── RECORD SET ──
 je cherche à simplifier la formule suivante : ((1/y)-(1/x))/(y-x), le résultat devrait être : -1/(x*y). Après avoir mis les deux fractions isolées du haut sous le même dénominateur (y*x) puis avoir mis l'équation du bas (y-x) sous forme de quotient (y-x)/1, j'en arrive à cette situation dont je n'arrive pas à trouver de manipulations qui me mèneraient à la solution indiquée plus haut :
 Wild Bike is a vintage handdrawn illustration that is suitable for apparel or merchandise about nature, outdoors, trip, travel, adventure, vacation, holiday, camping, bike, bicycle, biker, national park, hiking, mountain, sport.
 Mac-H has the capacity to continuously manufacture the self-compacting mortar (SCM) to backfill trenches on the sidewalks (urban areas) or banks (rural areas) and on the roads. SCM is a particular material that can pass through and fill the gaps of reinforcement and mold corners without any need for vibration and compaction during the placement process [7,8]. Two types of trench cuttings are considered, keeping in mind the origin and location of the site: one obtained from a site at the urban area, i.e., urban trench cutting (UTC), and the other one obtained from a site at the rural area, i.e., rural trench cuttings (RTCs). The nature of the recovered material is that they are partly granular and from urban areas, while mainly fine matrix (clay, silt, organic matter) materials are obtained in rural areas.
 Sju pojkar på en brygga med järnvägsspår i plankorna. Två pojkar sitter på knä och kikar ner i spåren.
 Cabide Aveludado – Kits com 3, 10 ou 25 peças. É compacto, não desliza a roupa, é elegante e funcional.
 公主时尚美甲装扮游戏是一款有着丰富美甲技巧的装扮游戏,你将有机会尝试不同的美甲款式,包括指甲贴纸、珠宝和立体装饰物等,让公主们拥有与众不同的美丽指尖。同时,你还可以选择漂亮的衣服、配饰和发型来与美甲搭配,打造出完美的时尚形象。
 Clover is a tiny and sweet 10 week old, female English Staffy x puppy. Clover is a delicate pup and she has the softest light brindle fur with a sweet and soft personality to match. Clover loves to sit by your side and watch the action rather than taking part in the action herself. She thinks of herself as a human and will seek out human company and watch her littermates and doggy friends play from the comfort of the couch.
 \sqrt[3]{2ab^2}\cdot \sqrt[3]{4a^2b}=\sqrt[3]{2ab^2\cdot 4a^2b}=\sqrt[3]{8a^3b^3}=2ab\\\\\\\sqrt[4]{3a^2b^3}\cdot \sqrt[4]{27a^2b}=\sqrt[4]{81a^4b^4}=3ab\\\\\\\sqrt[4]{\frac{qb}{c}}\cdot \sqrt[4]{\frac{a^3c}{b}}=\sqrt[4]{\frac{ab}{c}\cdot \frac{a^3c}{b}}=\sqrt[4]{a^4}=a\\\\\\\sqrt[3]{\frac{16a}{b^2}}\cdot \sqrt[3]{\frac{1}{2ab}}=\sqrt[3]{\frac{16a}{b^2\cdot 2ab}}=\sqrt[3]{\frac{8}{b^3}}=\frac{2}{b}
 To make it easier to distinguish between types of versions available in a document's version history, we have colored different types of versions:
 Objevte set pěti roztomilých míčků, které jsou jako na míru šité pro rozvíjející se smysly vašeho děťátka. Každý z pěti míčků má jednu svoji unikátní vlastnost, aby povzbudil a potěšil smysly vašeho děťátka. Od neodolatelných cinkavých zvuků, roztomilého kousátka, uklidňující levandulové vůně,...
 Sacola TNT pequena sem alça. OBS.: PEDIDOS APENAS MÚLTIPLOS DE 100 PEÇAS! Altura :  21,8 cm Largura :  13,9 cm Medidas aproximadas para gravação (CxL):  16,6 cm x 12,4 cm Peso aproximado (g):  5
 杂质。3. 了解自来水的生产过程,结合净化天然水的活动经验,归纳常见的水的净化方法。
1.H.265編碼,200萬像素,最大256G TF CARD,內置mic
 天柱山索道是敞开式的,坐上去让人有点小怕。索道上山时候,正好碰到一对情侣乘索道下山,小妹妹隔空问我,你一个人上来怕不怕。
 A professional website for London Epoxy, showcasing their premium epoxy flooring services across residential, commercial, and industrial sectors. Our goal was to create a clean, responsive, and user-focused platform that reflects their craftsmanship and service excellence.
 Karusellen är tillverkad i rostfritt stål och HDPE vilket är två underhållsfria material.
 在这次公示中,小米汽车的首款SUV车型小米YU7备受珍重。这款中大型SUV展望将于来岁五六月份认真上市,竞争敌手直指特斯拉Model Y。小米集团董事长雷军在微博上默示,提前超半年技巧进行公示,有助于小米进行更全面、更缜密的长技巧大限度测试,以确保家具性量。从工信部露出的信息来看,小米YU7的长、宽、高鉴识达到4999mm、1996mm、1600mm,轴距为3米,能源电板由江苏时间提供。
───
■ **ASSIGNMENT**
Return all of the data word for word.

■ **SOLVED EXERCISE**
 je cherche à simplifier la formule suivante : ((1/y)-(1/x))/(y-x), le résultat devrait être : -1/(x*y). Après avoir mis les deux fractions isolées du haut sous le même dénominateur (y*x) puis avoir mis l'équation du bas (y-x) sous forme de quotient (y-x)/1, j'en arrive à cette situation dont je n'arrive pas à trouver de manipulations qui me mèneraient à la solution indiquée plus haut :
 Wild Bike is a vintage handdrawn illustration that is suitable for apparel or merchandise about nature, outdoors, trip, travel, adventure, vacation, holiday, camping, bike, bicycle, biker, national park, hiking, mountain, sport.
 Mac-H has the capacity to continuously manufacture the self-compacting mortar (SCM) to backfill trenches on the sidewalks (urban areas) or banks (rural areas) and on the roads. SCM is a particular material that can pass through and fill the gaps of reinforcement and mold corners without any need for vibration and compaction during the placement process [7,8]. Two types of trench cuttings are considered, keeping in mind the origin and location of the site: one obtained from a site at the urban area, i.e., urban trench cutting (UTC), and the other one obtained from a site at the rural area, i.e., rural trench cuttings (RTCs). The nature of the recovered material is that they are partly granular and from urban areas, while mainly fine matrix (clay, silt, organic matter) materials are obtained in rural areas.
 Sju pojkar på en brygga med järnvägsspår i plankorna. Två pojkar sitter på knä och kikar ner i spåren.
 Cabide Aveludado – Kits com 3, 10 ou 25 peças. É compacto, não desliza a roupa, é elegante e funcional.
 公主时尚美甲装扮游戏是一款有着丰富美甲技巧的装扮游戏,你将有机会尝试不同的美甲款式,包括指甲贴纸、珠宝和立体装饰物等,让公主们拥有与众不同的美丽指尖。同时,你还可以选择漂亮的衣服、配饰和发型来与美甲搭配,打造出完美的时尚形象。
 Clover is a tiny and sweet 10 week old, female English Staffy x puppy. Clover is a delicate pup and she has the softest light brindle fur with a sweet and soft personality to match. Clover loves to sit by your side and watch the action rather than taking part in the action herself. She thinks of herself as a human and will seek out human company and watch her littermates and doggy friends play from the comfort of the couch.
 \sqrt[3]{2ab^2}\cdot \sqrt[3]{4a^2b}=\sqrt[3]{2ab^2\cdot 4a^2b}=\sqrt[3]{8a^3b^3}=2ab\\\\\\\sqrt[4]{3a^2b^3}\cdot \sqrt[4]{27a^2b}=\sqrt[4]{81a^4b^4}=3ab\\\\\\\sqrt[4]{\frac{qb}{c}}\cdot \sqrt[4]{\frac{a^3c}{b}}=\sqrt[4]{\frac{ab}{c}\cdot \frac{a^3c}{b}}=\sqrt[4]{a^4}=a\\\\\\\sqrt[3]{\frac{16a}{b^2}}\cdot \sqrt[3]{\frac{1}{2ab}}=\sqrt[3]{\frac{16a}{b^2\cdot 2ab}}=\sqrt[3]{\frac{8}{b^3}}=\frac{2}{b}
 To make it easier to distinguish between types of versions available in a document's version history, we have colored different types of versions:
 Objevte set pěti roztomilých míčků, které jsou jako na míru šité pro rozvíjející se smysly vašeho děťátka. Každý z pěti míčků má jednu svoji unikátní vlastnost, aby povzbudil a potěšil smysly vašeho děťátka. Od neodolatelných cinkavých zvuků, roztomilého kousátka, uklidňující levandulové vůně,...
 Sacola TNT pequena sem alça. OBS.: PEDIDOS APENAS MÚLTIPLOS DE 100 PEÇAS! Altura :  21,8 cm Largura :  13,9 cm Medidas aproximadas para gravação (CxL):  16,6 cm x 12,4 cm Peso aproximado (g):  5
 杂质。3. 了解自来水的生产过程,结合净化天然水的活动经验,归纳常见的水的净化方法。
1.H.265編碼,200萬像素,最大256G TF CARD,內置mic
 天柱山索道是敞开式的,坐上去让人有点小怕。索道上山时候,正好碰到一对情侣乘索道下山,小妹妹隔空问我,你一个人上来怕不怕。
 A professional website for London Epoxy, showcasing their premium epoxy flooring services across residential, commercial, and industrial sectors. Our goal was to create a clean, responsive, and user-focused platform that reflects their craftsmanship and service excellence.
 Karusellen är tillverkad i rostfritt stål och HDPE vilket är två underhållsfria material.
 在这次公示中,小米汽车的首款SUV车型小米YU7备受珍重。这款中大型SUV展望将于来岁五六月份认真上市,竞争敌手直指特斯拉Model Y。小米集团董事长雷军在微博上默示,提前超半年技巧进行公示,有助于小米进行更全面、更缜密的长技巧大限度测试,以确保家具性量。从工信部露出的信息来看,小米YU7的长、宽、高鉴识达到4999mm、1996mm、1600mm,轴距为3米,能源电板由江苏时间提供。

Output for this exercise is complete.